= Beginning of Section =

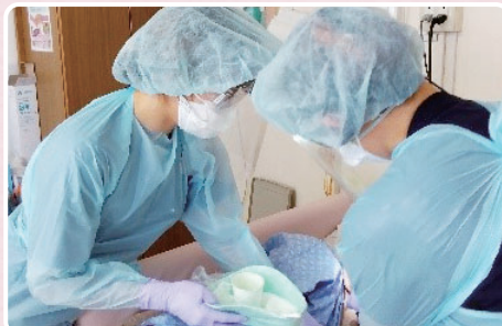
歯科衛生士と看護師との協働による口腔ケア
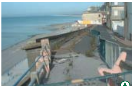
Un ouvrage dangereux (janvier 2003)

Des travaux, sous la maîtrise d'œuvre de la DDE, sont entrepris pour déplacer les réseaux et démolir partiellement le mur de soutènement.
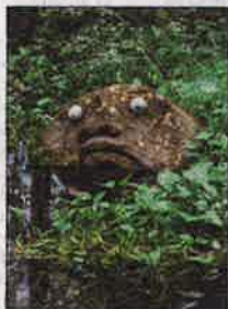
DRAUG: Er det slik draugen egentlig ser ut?
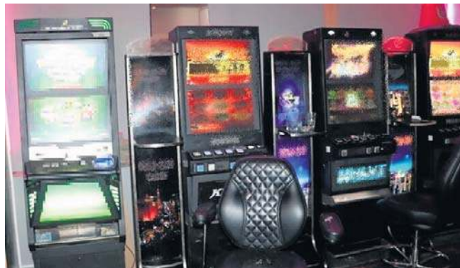
Policjanci znaleźli w nim cztery automaty do gier

- Na maszynach zainstalowane były gry o charakterze loso-
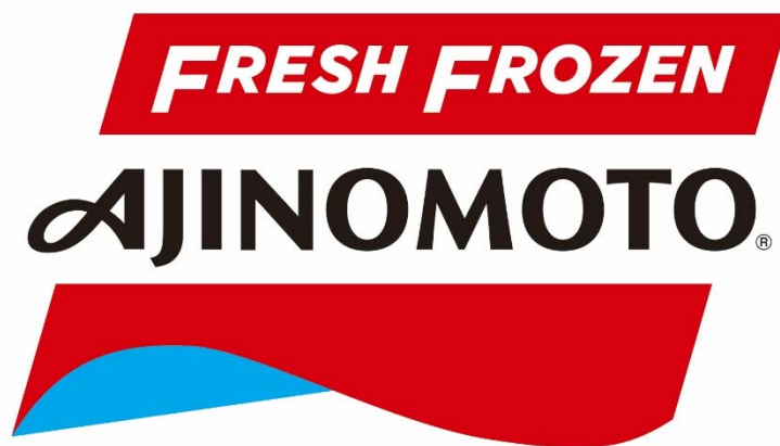
【新ブランドロゴマーク】

味の素冷凍食品株式会社（社長：吉峯英虎 本社：東京都中央区）は、このたび、ブランドロゴマークを刷新し、2017年7月6日（木）より順次切り替えます。
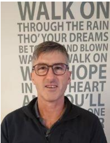
😊 MIKKEL 😊

😊 MIKKEL der ellers huserer i bundfeltet af den bedste LIGA-række, var trods alt favorit her i opgøret mod BRULA fra den tunge ende af Liga ´ens 2. division. MIKKEL har tilbage i 2010 hentet en flot 3. plads hjem her i Liga Pokalen og i 2020 nåede MIKKEL frem til ¼-Finalen, så rimelig fine papirer blev vist frem her. MIKKEL mødte dog uventet hård modstand og det lykkedes BRULA, at hente uafgjort hjem i den 1. kamp og dermed fremtvinge endnu en kamp, men her var der ingen tvivl og MIKKEL hentede en stor-sejr hjem og er dermed videre til Liga Pokalen ´s 3. runde 😊 BRULA må se i øjnene, at det er slut i Liga Pokalen for denne gang her efter 2. runde 🙄
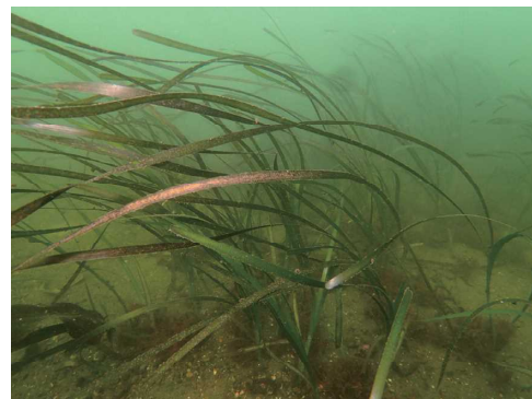
図2 復元しつつあるアマモ場。コンブ科およびホンダワラ科の海藻も混在している。

被災後の底質およびアマモ場 (図2) の変遷のモニタリングを、宮古湾湾奥において年に1回の頻度で毎年実施した 1) 。アマモ場の復元には、底泥の変化の有無が強く影響していた。植物と基盤の復元速度の差が、元の生態系に戻るか、別の生態系になるかの要因になると考えられる。
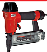
J 55 P1
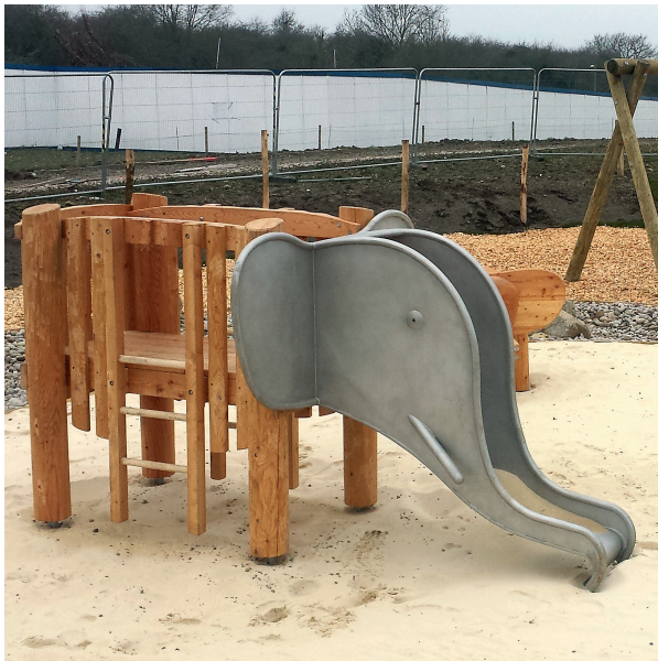
Elefant mit Rüsselrutsche Sonderausführung 100 cm

Vielen Dank für einen Veröffentlichungsbeleg.
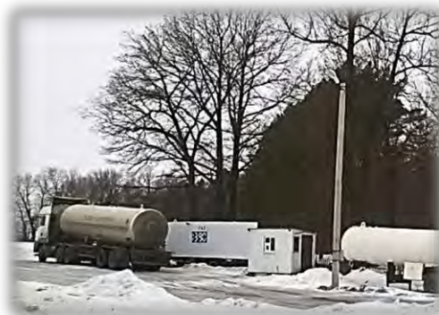
Объекты сервисных дорожных служб, расположенных на землях вдоль трассы в г. Нижнекамск

= End of Section =

### Exercise prompt
Working from the line that contains "Elefant mit Rüsselrutsche" to the last line of the listing, please quote each line exactly, pictures excluded.

### Written response
Elefant mit Rüsselrutsche Sonderausführung 100 cm

Vielen Dank für einen Veröffentlichungsbeleg.
Объекты сервисных дорожных служб, расположенных на землях вдоль трассы в г. Нижнекамск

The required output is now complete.